ASSIGNMENT: Drop the pictures and repeat the remaining data exactly.

INFORMATION SUPPLIED:
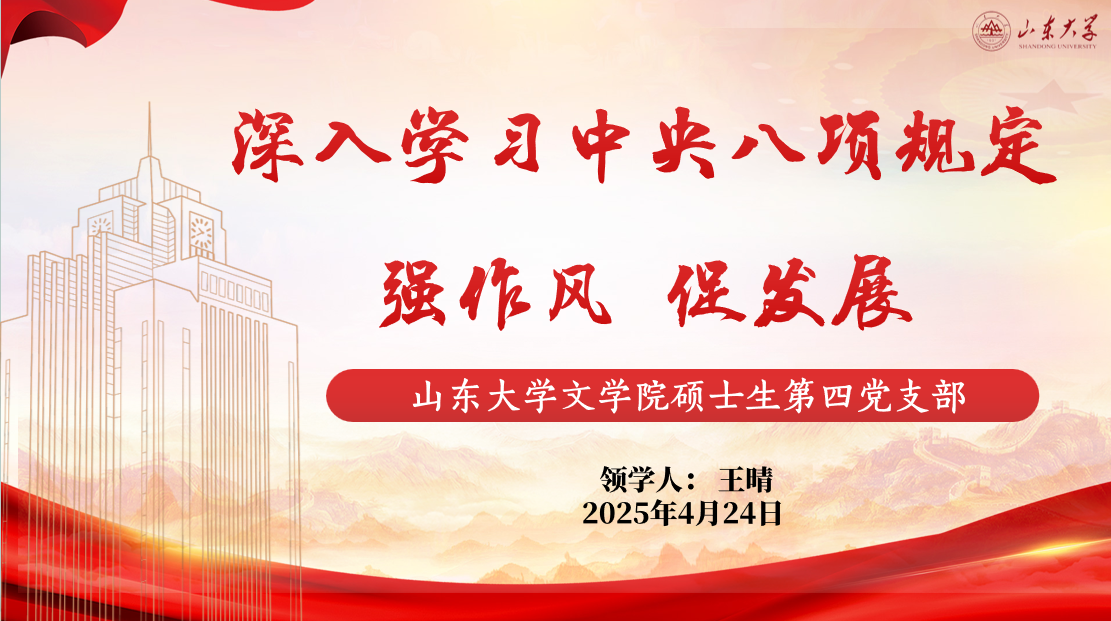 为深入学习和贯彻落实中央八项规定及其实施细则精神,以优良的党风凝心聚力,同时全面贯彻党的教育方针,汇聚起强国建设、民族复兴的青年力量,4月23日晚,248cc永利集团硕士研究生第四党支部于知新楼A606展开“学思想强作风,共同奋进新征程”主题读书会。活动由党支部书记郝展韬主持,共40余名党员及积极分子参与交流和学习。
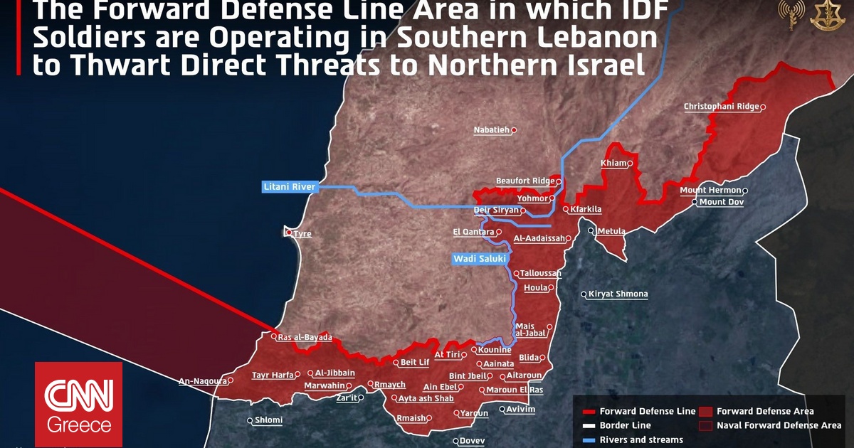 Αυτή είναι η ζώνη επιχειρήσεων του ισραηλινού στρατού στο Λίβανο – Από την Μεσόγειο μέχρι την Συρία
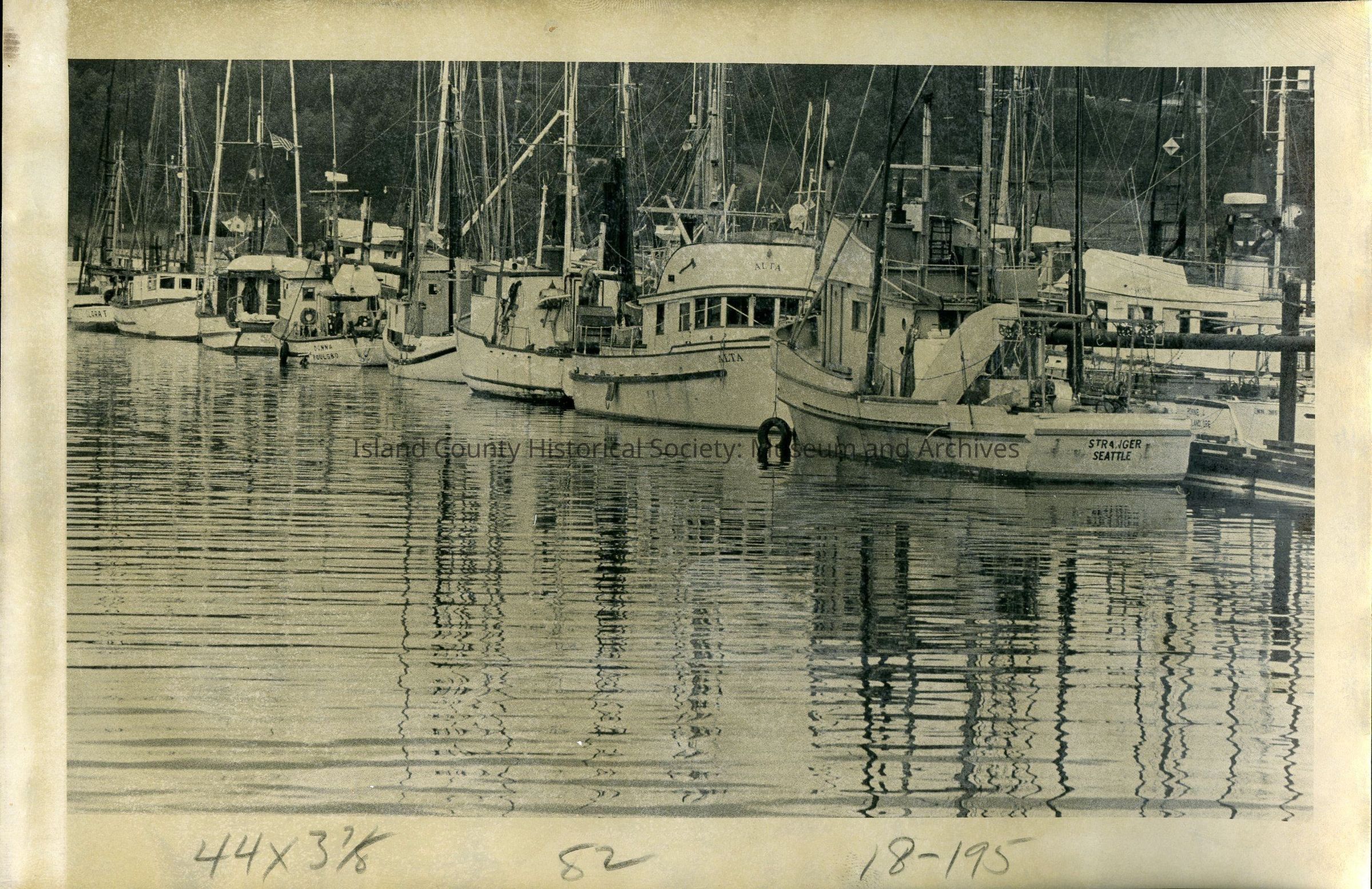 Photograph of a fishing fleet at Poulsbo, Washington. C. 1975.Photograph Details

EXERCISE ANSWER:
 为深入学习和贯彻落实中央八项规定及其实施细则精神,以优良的党风凝心聚力,同时全面贯彻党的教育方针,汇聚起强国建设、民族复兴的青年力量,4月23日晚,248cc永利集团硕士研究生第四党支部于知新楼A606展开“学思想强作风,共同奋进新征程”主题读书会。活动由党支部书记郝展韬主持,共40余名党员及积极分子参与交流和学习。
 Αυτή είναι η ζώνη επιχειρήσεων του ισραηλινού στρατού στο Λίβανο – Από την Μεσόγειο μέχρι την Συρία
 Photograph of a fishing fleet at Poulsbo, Washington. C. 1975.Photograph Details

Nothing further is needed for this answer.